* EXERCISE REQUIREMENTS
In the entries below, begin at the line with "Elevate your style" and stop after the line with "⑤⑥については仕方がない事で"; output those lines exactly and omit the pictures.

* RECORDS PROVIDED
[Start of section]

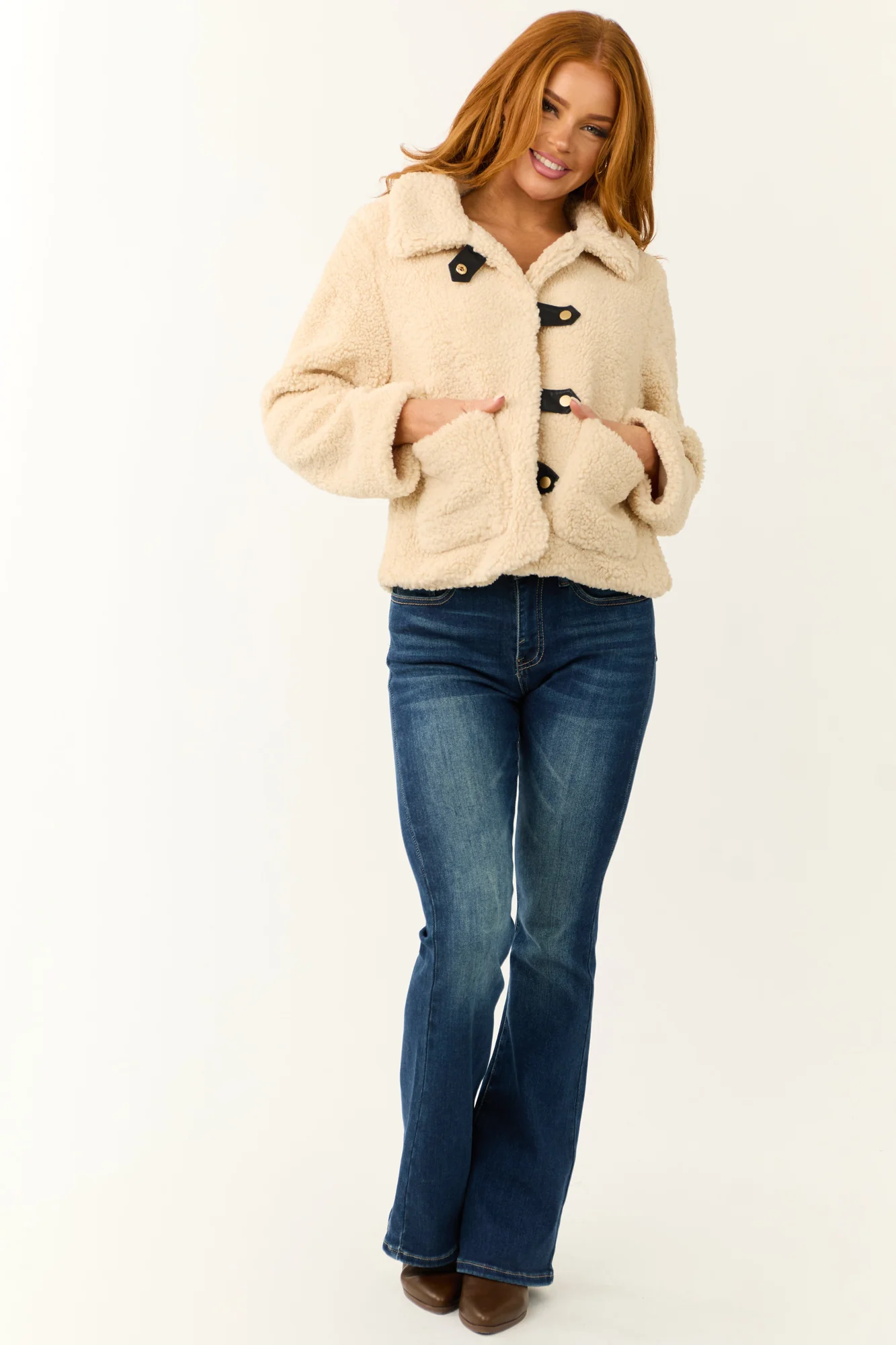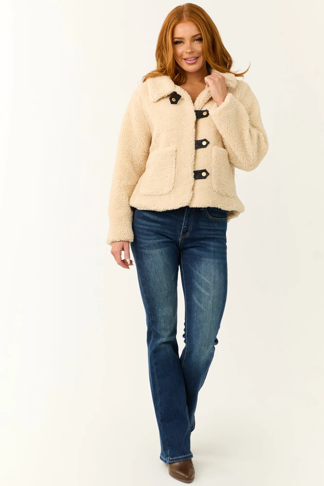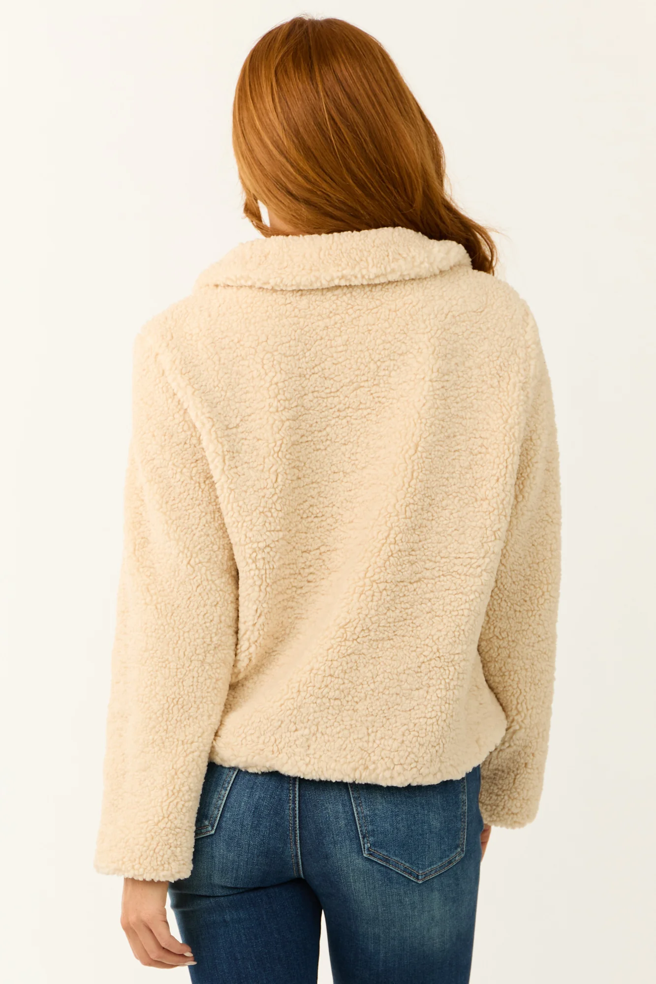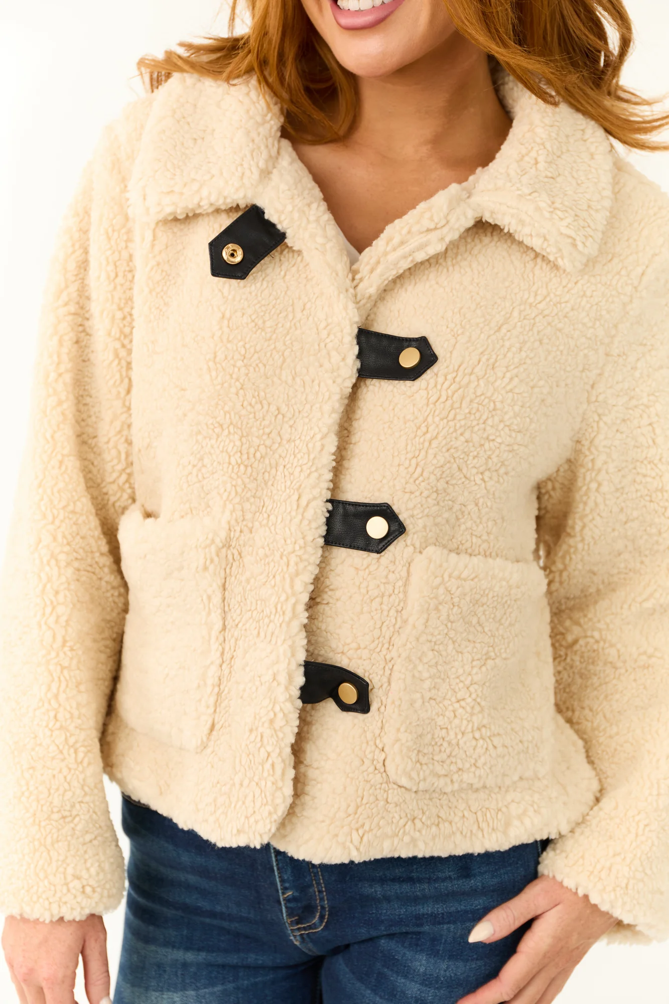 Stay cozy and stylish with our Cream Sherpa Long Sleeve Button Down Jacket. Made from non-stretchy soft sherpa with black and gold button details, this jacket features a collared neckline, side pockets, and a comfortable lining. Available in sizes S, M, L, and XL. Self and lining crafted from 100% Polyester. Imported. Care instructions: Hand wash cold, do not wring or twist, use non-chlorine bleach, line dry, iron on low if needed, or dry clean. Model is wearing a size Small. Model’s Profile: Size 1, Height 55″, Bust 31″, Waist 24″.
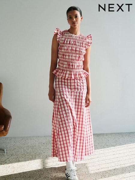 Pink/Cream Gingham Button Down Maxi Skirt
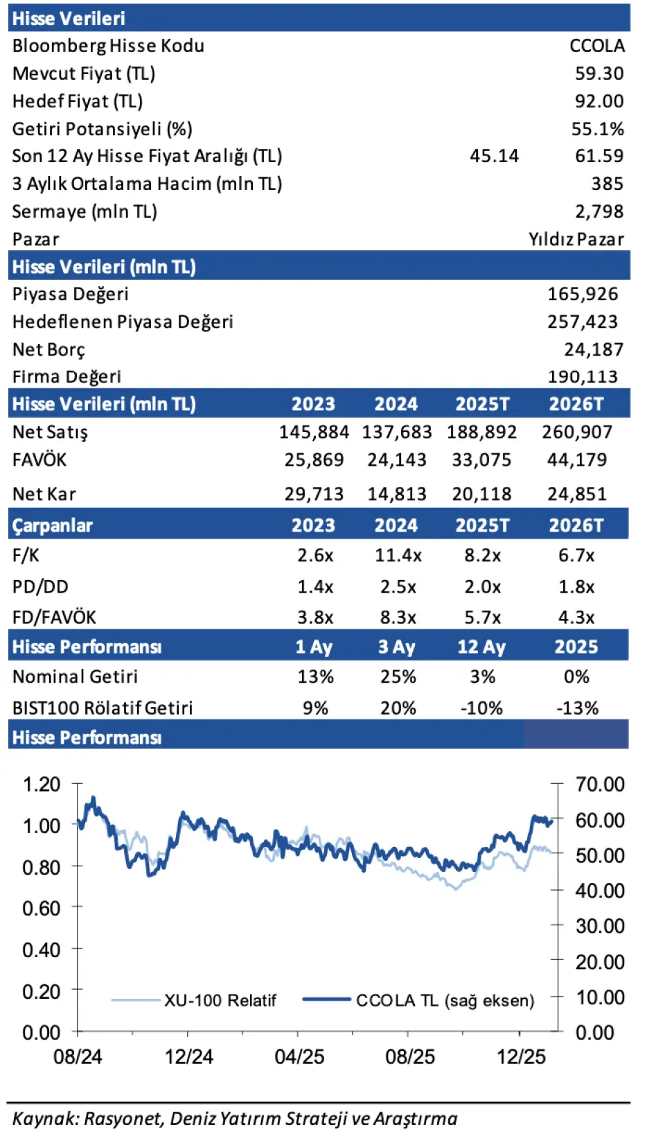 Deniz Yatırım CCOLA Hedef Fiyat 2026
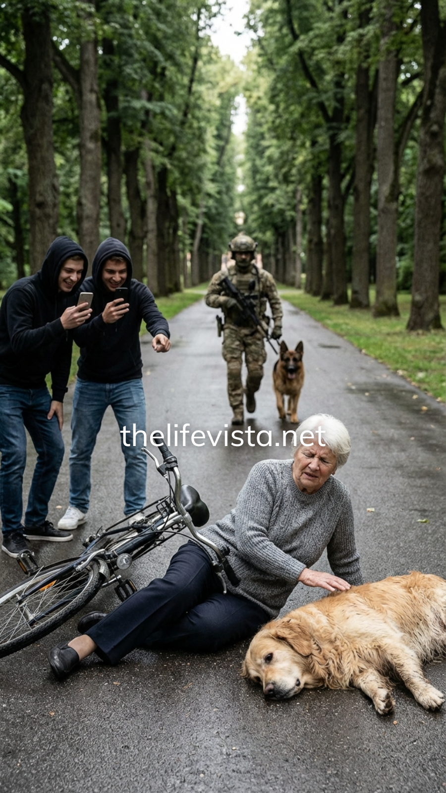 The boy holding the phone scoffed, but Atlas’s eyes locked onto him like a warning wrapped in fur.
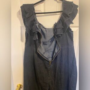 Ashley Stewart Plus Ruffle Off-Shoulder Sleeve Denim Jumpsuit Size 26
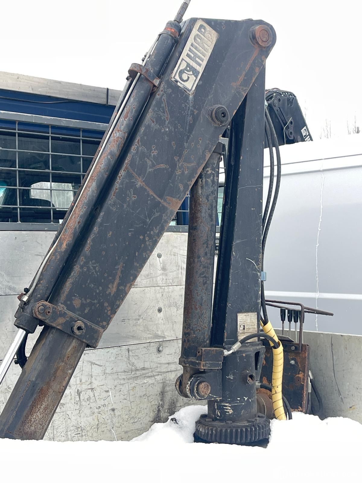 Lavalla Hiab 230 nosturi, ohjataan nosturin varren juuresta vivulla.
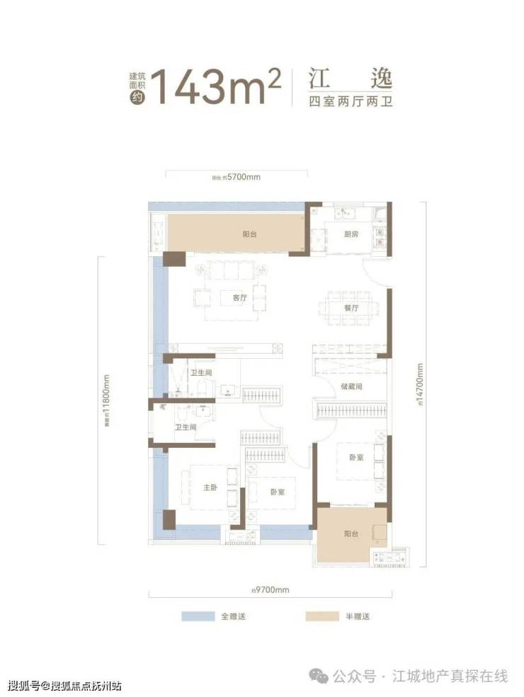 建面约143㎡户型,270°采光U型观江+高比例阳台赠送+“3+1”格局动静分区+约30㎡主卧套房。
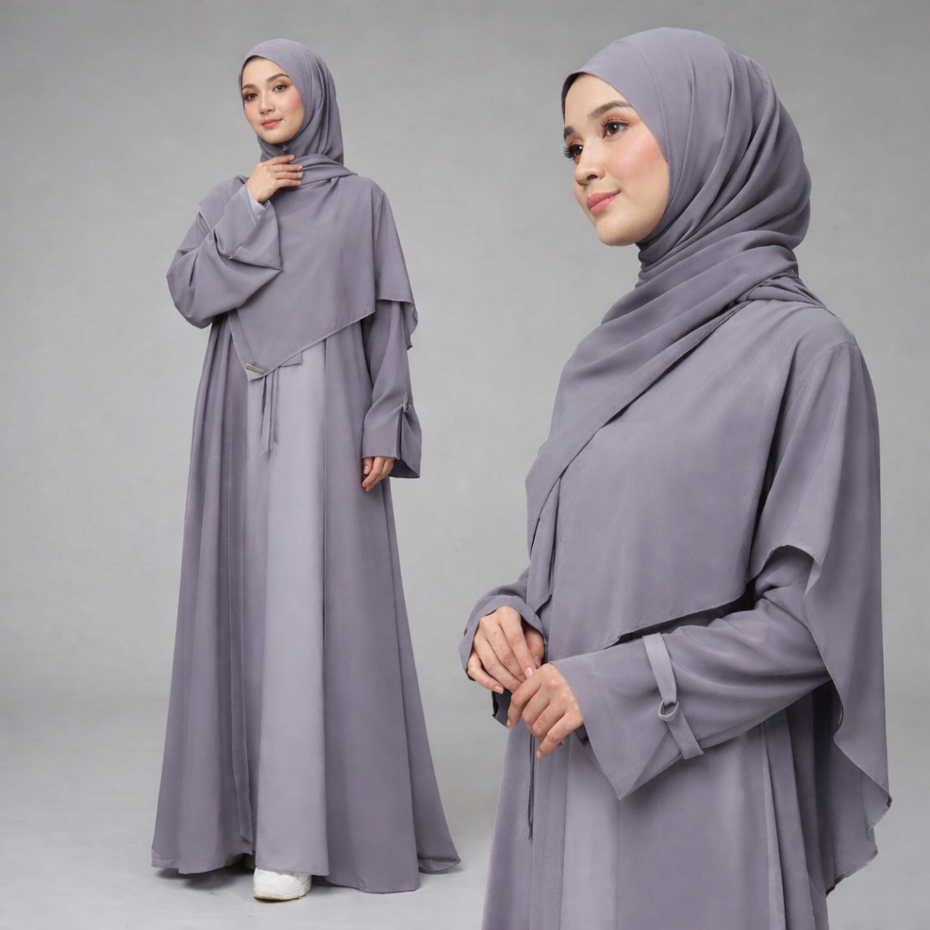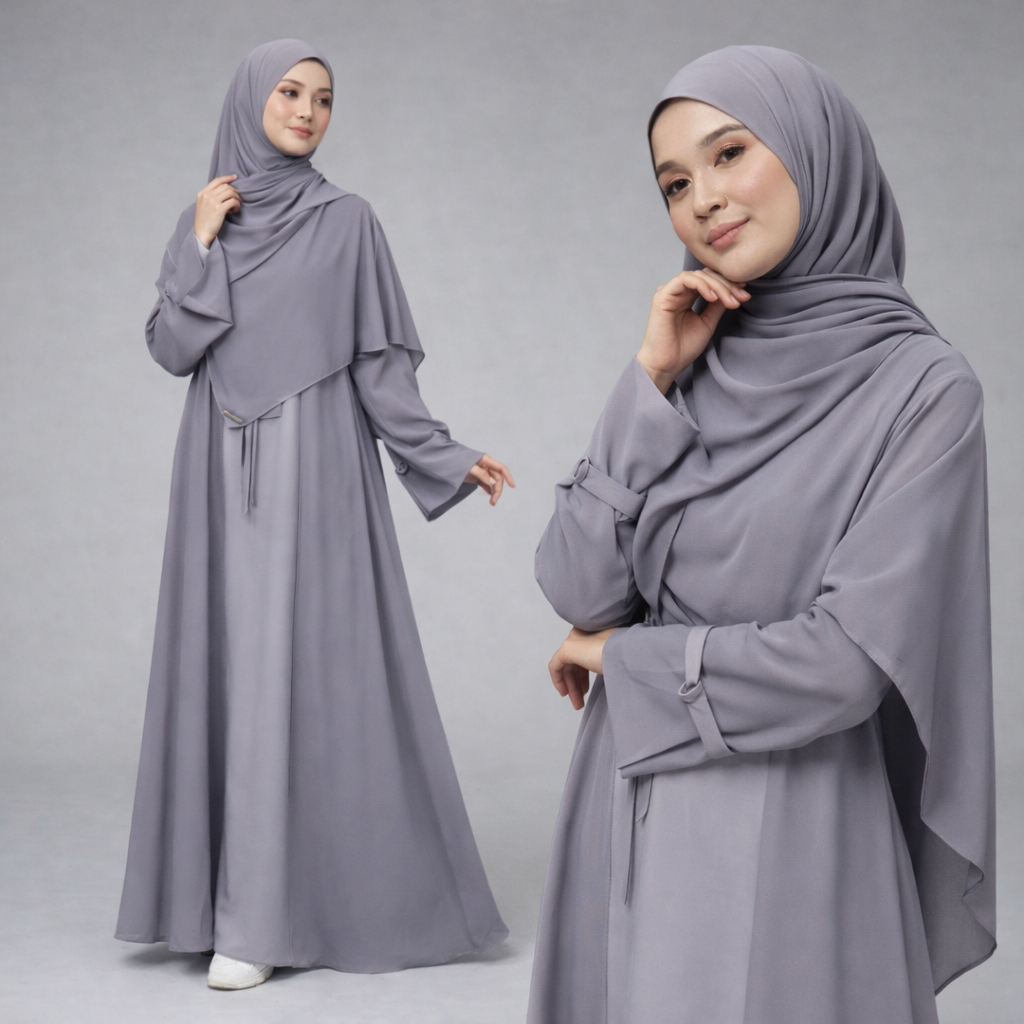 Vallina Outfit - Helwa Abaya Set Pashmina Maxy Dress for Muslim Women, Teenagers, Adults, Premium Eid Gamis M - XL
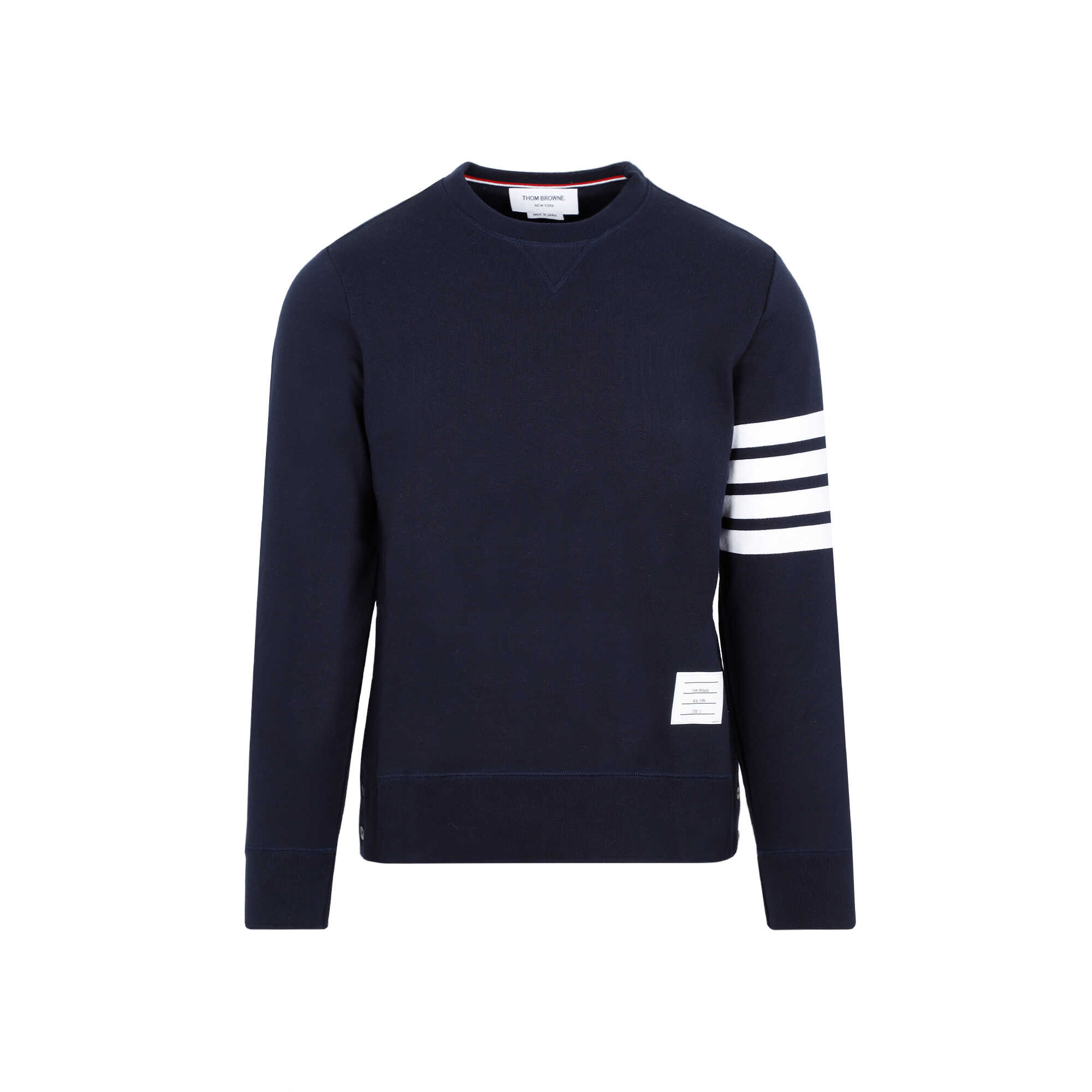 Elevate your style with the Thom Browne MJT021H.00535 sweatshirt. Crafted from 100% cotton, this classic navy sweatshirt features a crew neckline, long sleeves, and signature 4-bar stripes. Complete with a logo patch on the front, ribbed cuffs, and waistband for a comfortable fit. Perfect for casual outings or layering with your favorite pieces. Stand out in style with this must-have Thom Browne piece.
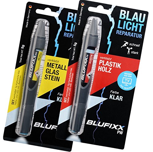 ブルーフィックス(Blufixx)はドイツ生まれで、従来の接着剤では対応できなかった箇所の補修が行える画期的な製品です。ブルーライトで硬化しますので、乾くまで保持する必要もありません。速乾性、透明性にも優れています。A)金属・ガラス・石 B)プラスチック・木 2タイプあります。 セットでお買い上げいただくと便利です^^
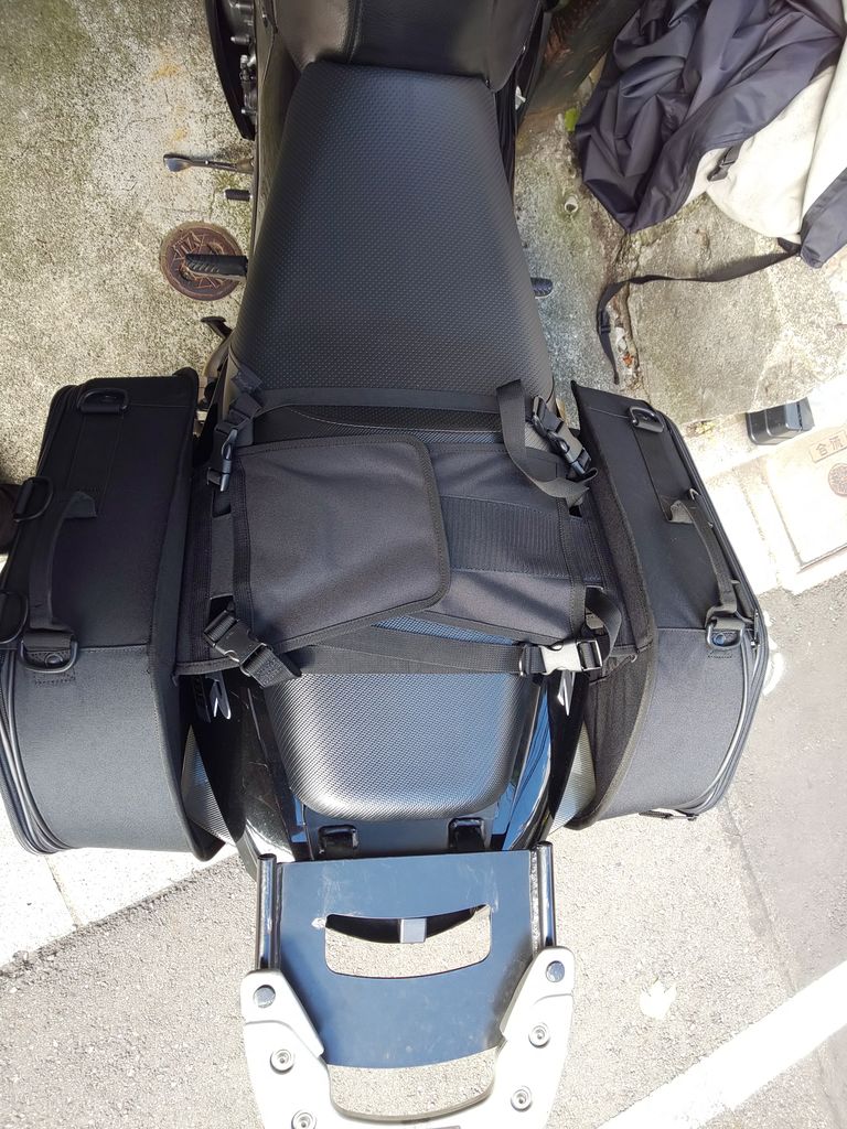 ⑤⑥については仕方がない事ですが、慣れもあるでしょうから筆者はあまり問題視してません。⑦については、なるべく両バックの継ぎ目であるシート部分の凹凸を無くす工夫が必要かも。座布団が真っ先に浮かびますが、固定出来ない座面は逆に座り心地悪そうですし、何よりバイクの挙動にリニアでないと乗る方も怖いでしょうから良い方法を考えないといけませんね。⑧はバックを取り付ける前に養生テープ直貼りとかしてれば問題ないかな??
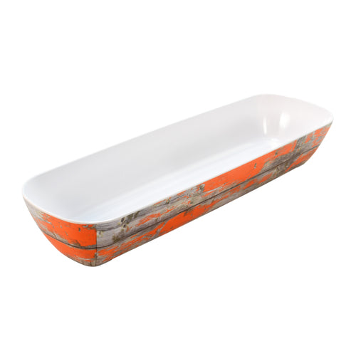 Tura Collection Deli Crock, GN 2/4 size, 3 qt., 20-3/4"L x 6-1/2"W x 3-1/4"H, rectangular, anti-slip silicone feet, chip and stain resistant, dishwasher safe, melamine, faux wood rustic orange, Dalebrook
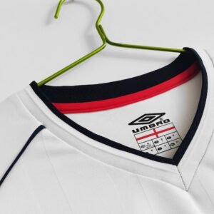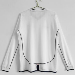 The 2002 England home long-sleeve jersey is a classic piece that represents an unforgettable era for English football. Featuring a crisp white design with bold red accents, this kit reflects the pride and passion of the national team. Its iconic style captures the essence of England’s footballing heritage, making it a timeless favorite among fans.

[End of section]

* ANSWER BOX
 Elevate your style with the Thom Browne MJT021H.00535 sweatshirt. Crafted from 100% cotton, this classic navy sweatshirt features a crew neckline, long sleeves, and signature 4-bar stripes. Complete with a logo patch on the front, ribbed cuffs, and waistband for a comfortable fit. Perfect for casual outings or layering with your favorite pieces. Stand out in style with this must-have Thom Browne piece.
 ブルーフィックス(Blufixx)はドイツ生まれで、従来の接着剤では対応できなかった箇所の補修が行える画期的な製品です。ブルーライトで硬化しますので、乾くまで保持する必要もありません。速乾性、透明性にも優れています。A)金属・ガラス・石 B)プラスチック・木 2タイプあります。 セットでお買い上げいただくと便利です^^
 ⑤⑥については仕方がない事ですが、慣れもあるでしょうから筆者はあまり問題視してません。⑦については、なるべく両バックの継ぎ目であるシート部分の凹凸を無くす工夫が必要かも。座布団が真っ先に浮かびますが、固定出来ない座面は逆に座り心地悪そうですし、何よりバイクの挙動にリニアでないと乗る方も怖いでしょうから良い方法を考えないといけませんね。⑧はバックを取り付ける前に養生テープ直貼りとかしてれば問題ないかな??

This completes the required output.